特攻文学としての《ゴジラ-1.0》|第7回|井上義和・坂元希美

(構成:坂元希美)

⑦更地から立ち上がる建国神話 「祖国」が生まれるとき


★ネタバレ注意★
映画《ゴジラ-1.0》のネタバレが含まれていますので、知りたくないという方はこの先、ご遠慮ください。そして、ぜひ映画鑑賞後にまた読みにいらしてください。

祖国の想像力は「更地」から生まれる

井上 太平洋戦争後の更地さらちとなった東京で敷島たち赤の他人同士が出会い、コミュニティーをつくり、チームとなり、家族をつくりました。大戸島の出来事に囚われ心を閉ざしていた敷島は再びゴジラと向き合う事態になり、ようやく未来を見出します。

 これは祖国が立ち上がる過程であり、建国神話の再演ともいえます。

坂元 おお、ここで祖国が来ました!『未来の戦死に向き合うためのノート』でも出てくる重要ワードでしたね。

 この、命のタスキを託される感覚を、私は祖国の想像力を呼びたいと思います。国家が、支配―被支配を軸とする非対称的な権力関係だとすれば、祖国は、命のタスキリレーを軸とする連続的な継承関係です。国家が祖国の想像力を利用することもありますが、逆に、祖国の想像力が国家への批判原理にもなりえます。

『未来の戦死に向き合うためのノート』171頁

井上 お待たせしました(笑)。ここ2年ぐらい、ウクライナ関連の取材を受けたときには、「祖国」という言葉をとくに意識して使うようにしてきました。他国の侵略から自国を守るために人びとの心をつなぐ合言葉だからです。

 ただし、学問的に共有された定義というのはないので、ここでの祖国論は私の試論としてお読みいただければと思います。

 祖国は「想像力」や「物語」の次元にあるもので、国家や政府といった権力関係や統治機構とはイコールではありません。祖国の想像力のベースには、先人が大切に育んできたものを受け継ぎ、豊かにして次の代に託すという継承の物語と、それを守るために戦った死者の記憶があります。これが「命のタスキリレーを軸とする連続的な継承関係」ということです。

坂元 祖国、先人、継承、死者……、いかにも右派が好きそうな考え方に思えますが、そうではないのですよね。

キーウ近郊を視察するゼレンスキー大統領(2022年4月4日)

井上 そこは大事なポイントです。「祖国」は本来、左右関係なく使われる言葉です。祖国解放とか祖国復帰といった文脈ですね。

 継承の物語はともかく、死者の記憶、と聞くとギョッとするかもしれません。
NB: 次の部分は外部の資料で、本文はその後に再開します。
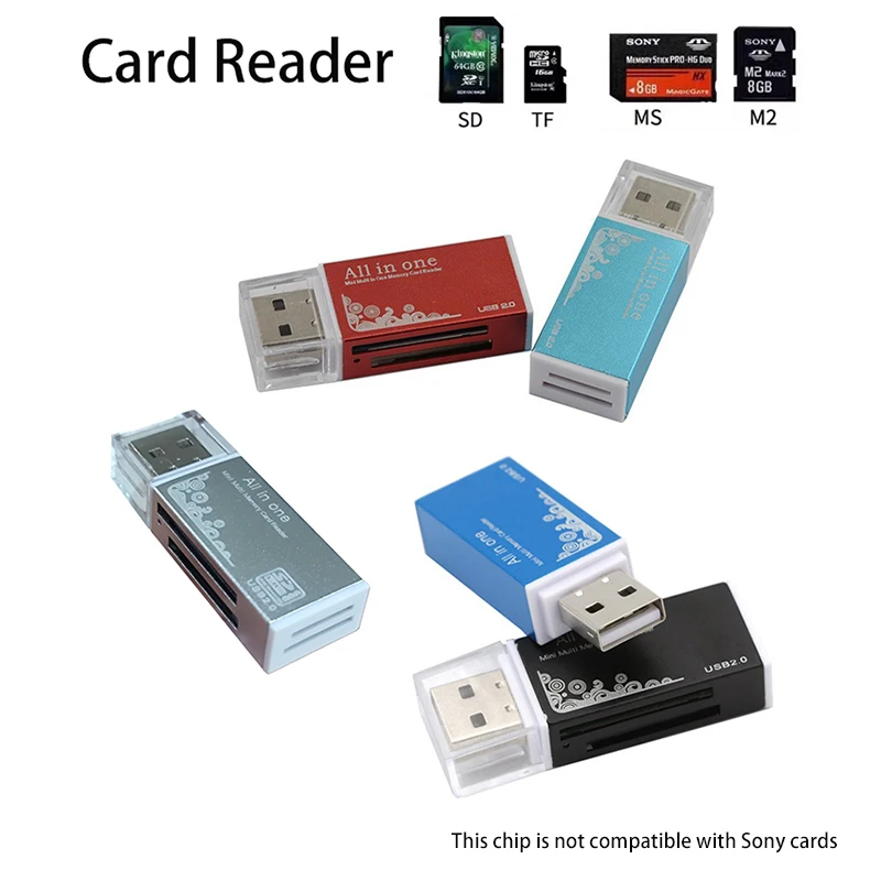 Comprar 1 Uds 4 en 1 lector de tarjetas USB 2,0 lector de tarjetas múltiples adaptador de memoria para Memory Stick Pro Duo Micro SD/T-Flash/M2/MS lector de tarjetas

戦死者に限らず、広い意味での「あの世にいる先人たち」のことだと思ってください。 

 親から子へ、またその子へと命をつなぐこと、さらに生物学的な意味での命ではなく、地域や団体、会社や業界の文化や遺産を継承していくことも命のタスキリレー。だから、赤の他人同士も命のタスキをつなぎながら、自分たちの社会を支えているといえます。

 ただまあ、普段は命のタスキに無自覚なことが多く、その想像力もせいぜい身の回りの、ごく限られた範囲にしか及びませんよね。

 それが、ゴジラのような巨大生物が襲来したときに、覚醒する。すなわち、一人ひとりが、国レベルの継承の物語にコミットし、それを守るために戦った先人の系譜に自らを重ねていく。そのときです、祖国が立ち上がるのは!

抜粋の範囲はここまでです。